Since the blog began, the chief sources of traffic have been USA, Cayman, U.K., Canada and Australia; followed by Germany, Russia, Bahamas, Netherlands and France.

I see that you get the occasional vitriolic email, but do you also receive encouragement and support locally for your writing?
In the wake of the Chamber of Commerce furore in 1988, the local ruling politicians and their cronies tried for two years to deport me. In response, I began writing pretty severe criticisms of them and their policies. Most expats were sympathetic to me, most native Caymanians were not. A minority of expats thought I should just shut up and go away; a minority of Caymanians supported me and the cause of free speech. These 25 years later, the same division exists. I keep a low profile now, but am still considered to be a controversial character.

Who are your own heroes when it comes to writing/taking a stance on issues? Are you a contrarian by nature, as I see that the objects of your disdain aren’t restricted to local CI figures!
I don’t think “contrarian” describes me. I am an independent thinker who strongly believes in free speech and human rights in general. I despise bullying and bullies, and am usually on the side of the underdog in any fight. So my heroes are people who would be on my side. Eleanor Roosevelt chaired the committee that produced the Universal Declaration of Human Rights, which was passed as a resolution of the UN General Assembly in 1948. Current heroes include Manning, Snowden and Assange.

You have plenty of targets but not many objects of affection (at least based on the blog). What do you like about the CI?
Grand Cayman is a wonderfully comfortable place to live; the Caribbean lifestyle suits us down to the ground. There are no racial hang-ups; the ethnic tensions between backwoods Caymanians and expats from a wide variety of countries are infuriating but tolerable. We give and receive respect in equal measure, to and from all but the fanatics.

You point out that expats outnumber Caymanians two to one. The tension between local and expat communities occupies editorial pages up and down the Caribbean. Given that this series is about expats who blog in the Caribbean, do you see us as a force for good or could you argue that expats have done more damage than good?
Here in Cayman, expats – two thirds of the total population, now – have overwhelmed the old subsistence fishing-and-farming style of life. That could be claimed as either good or bad. Are the native-borns happier or sadder for our presence? Is any small, isolated community better or worse off for the intrusion of the modern world and its ways? Air-conditioned cars and houses, dishwashers and microwaves, orthodox schooling and high-paying jobs, supermarkets and wine-bars... all those goodies have their downside. The native-born tend to resent the superior education, skills and competence of expats in the new fields of employment. They cry “foul!” at being left behind in the race to the big money. They also resent the presence of so many unskilled workers from Jamaica, Latin America and the Philippines, while enjoying the convenience of using them as indentured domestic servants.
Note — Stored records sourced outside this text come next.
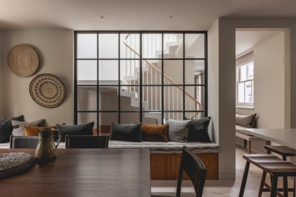 Eine zentral geführte Treppe zieht sich wie eine warme Achse durch alle Etagen und verbindet die Räume zu einer offenen, fließenden Einheit. Breite Dielen aus hellem Douglasienholz, maßgefertigte Einbauten und skandinavisches Mobiliar verleihen den Räumen eine ausgewogene Wirkung. Gemeinsam mit den Bauherren, einem dänisch-britischen Paar, entwickelte Neil Dusheiko Architects jedes Detail – von den Möbeln bis zu den Oberflächen. So verbindet der Entwurf nordische Schlichtheit mit britischer Handwerkstradition.
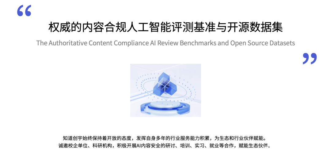 知道创宇始终保持着开放的态度,发挥自身多年的行业服务能力积累,为生态和行业伙伴赋能。诚邀校企单位、科研机构,积极开展AI内容安全的研讨、培训、实习、就业等合作,赋能生态伙伴。
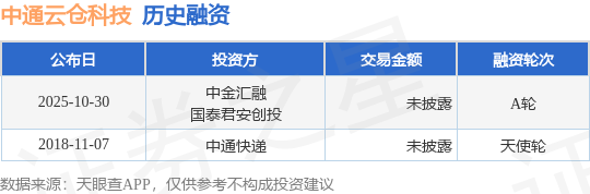 证券之星消息,根据天眼查APP于10月30日公布的信息整理,中通云仓科技有限公司A轮融资,融资额未披露,参与投资的机构包括中金汇融,国泰君安创投。
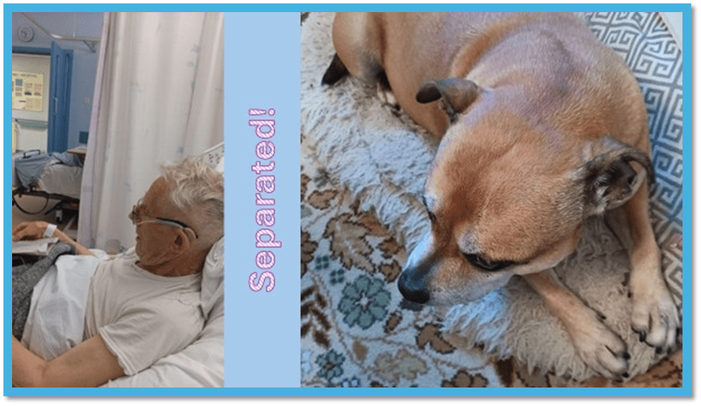 Meanwhile he lies in a hospital bed and his doggy hangs her head in sorrow (as does doggy’s other Daddy)!.
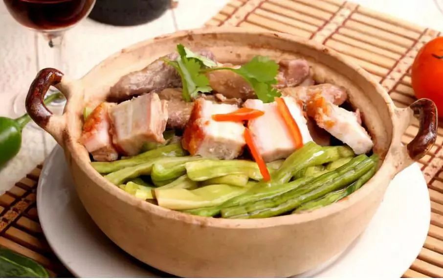 说起大圩的美食,很多人对黑皮蔗赞不绝口,不过大圩最具特色的菜品还是酸芋苗,以及由酸芋苗为原料做出来的菜品——五花肉芋苗煲。
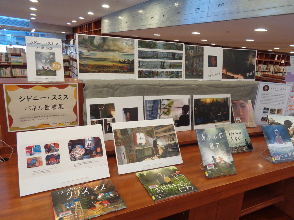 絵本作家 シドニー・スミスさんの作品パネルと著作を展示します
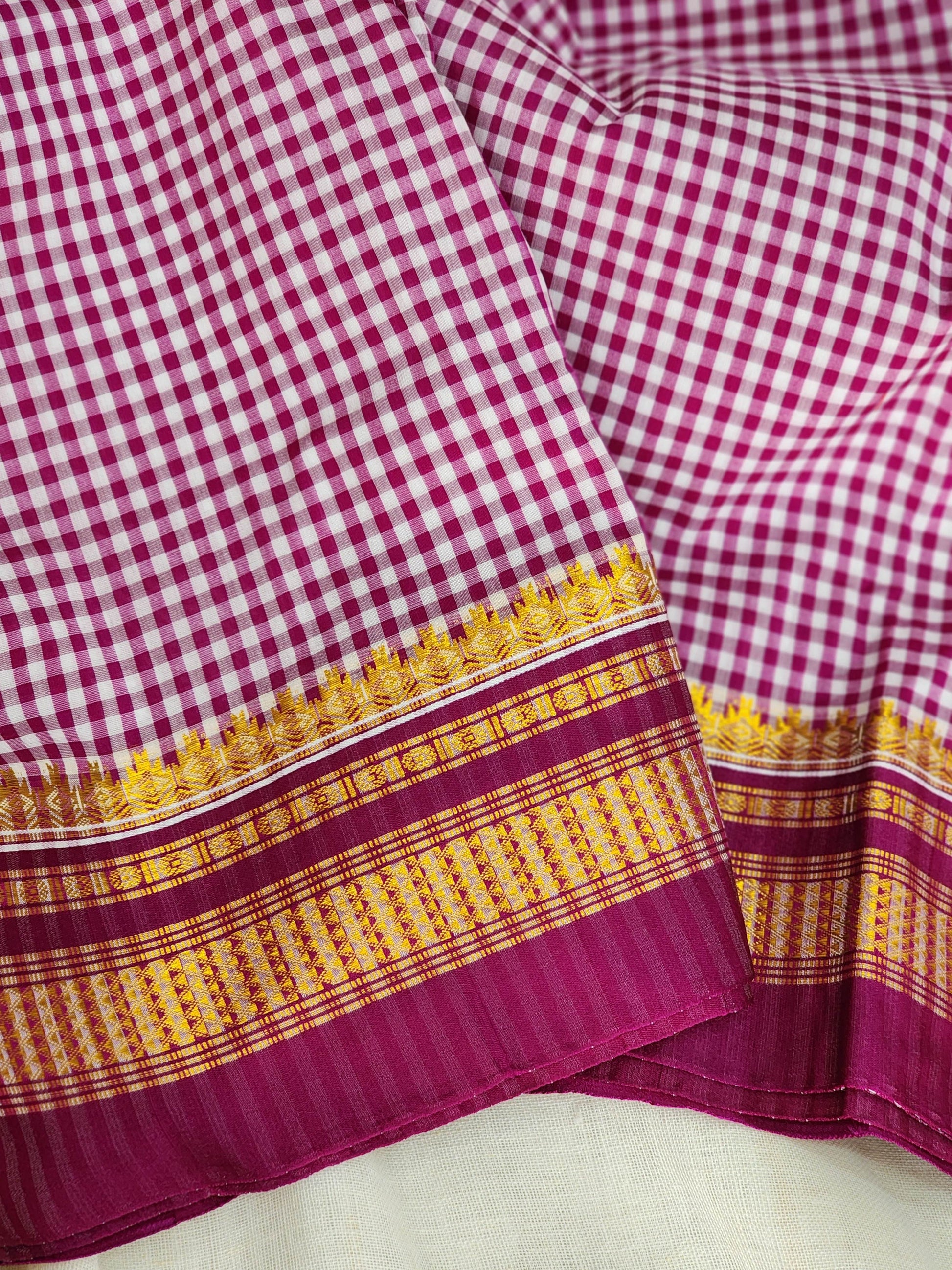 Indulge in the timeless charm of Karnataka's cultural heritage with our ilkal sarees. Handmade with love, these cotton silk sarees feature a unique checkered pattern, showcasing the skillful artistry of our weavers.
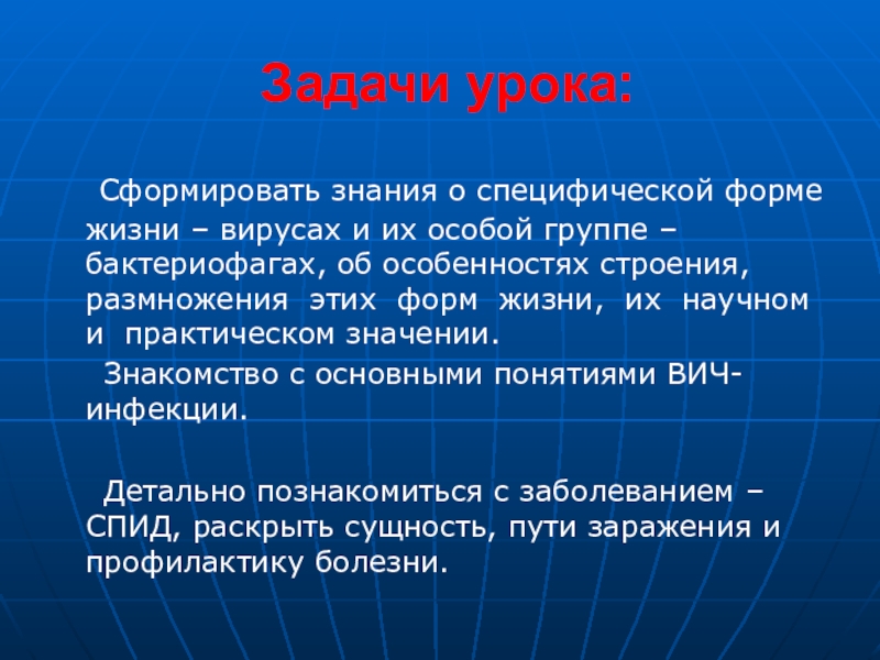 Детально познакомиться с заболеванием – СПИД, раскрыть сущность, пути заражения и профилактику болезни.

In Cayman, as in most countries, expats are welcomed by the ruling classes, who benefit more from the foreign skills etc than their less privileged or less sophisticated fellow-citizens do. The latter retreat into a tribal redoubt, and are cynically exploited by the professional politicians in every election campaign. Of course as long as foreigners are allowed to come here, they will come – whether they are welcomed or not.